WHAT TO WORK ON ::
Within the listing below, the lines to output run from the one containing "Tods loafers. These" through the one containing "The paintwork is"; copy them exactly and nothing else.

MATERIAL PROVIDED ::

····················

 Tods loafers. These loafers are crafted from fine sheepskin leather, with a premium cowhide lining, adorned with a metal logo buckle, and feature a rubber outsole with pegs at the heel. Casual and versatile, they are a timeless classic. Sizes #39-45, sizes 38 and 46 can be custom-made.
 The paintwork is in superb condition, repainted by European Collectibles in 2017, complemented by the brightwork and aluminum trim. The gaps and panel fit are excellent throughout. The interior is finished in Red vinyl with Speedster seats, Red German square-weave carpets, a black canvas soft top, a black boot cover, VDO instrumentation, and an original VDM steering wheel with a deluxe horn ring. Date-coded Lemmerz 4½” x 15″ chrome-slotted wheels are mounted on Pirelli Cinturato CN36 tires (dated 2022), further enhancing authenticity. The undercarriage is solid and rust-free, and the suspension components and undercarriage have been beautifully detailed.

····················

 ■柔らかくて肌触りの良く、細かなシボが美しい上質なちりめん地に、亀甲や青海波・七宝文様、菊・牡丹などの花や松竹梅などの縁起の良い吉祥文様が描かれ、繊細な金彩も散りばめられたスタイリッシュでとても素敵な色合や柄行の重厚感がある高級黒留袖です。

····················

TASK SOLUTION ::
 Tods loafers. These loafers are crafted from fine sheepskin leather, with a premium cowhide lining, adorned with a metal logo buckle, and feature a rubber outsole with pegs at the heel. Casual and versatile, they are a timeless classic. Sizes #39-45, sizes 38 and 46 can be custom-made.
 The paintwork is in superb condition, repainted by European Collectibles in 2017, complemented by the brightwork and aluminum trim. The gaps and panel fit are excellent throughout. The interior is finished in Red vinyl with Speedster seats, Red German square-weave carpets, a black canvas soft top, a black boot cover, VDO instrumentation, and an original VDM steering wheel with a deluxe horn ring. Date-coded Lemmerz 4½” x 15″ chrome-slotted wheels are mounted on Pirelli Cinturato CN36 tires (dated 2022), further enhancing authenticity. The undercarriage is solid and rust-free, and the suspension components and undercarriage have been beautifully detailed.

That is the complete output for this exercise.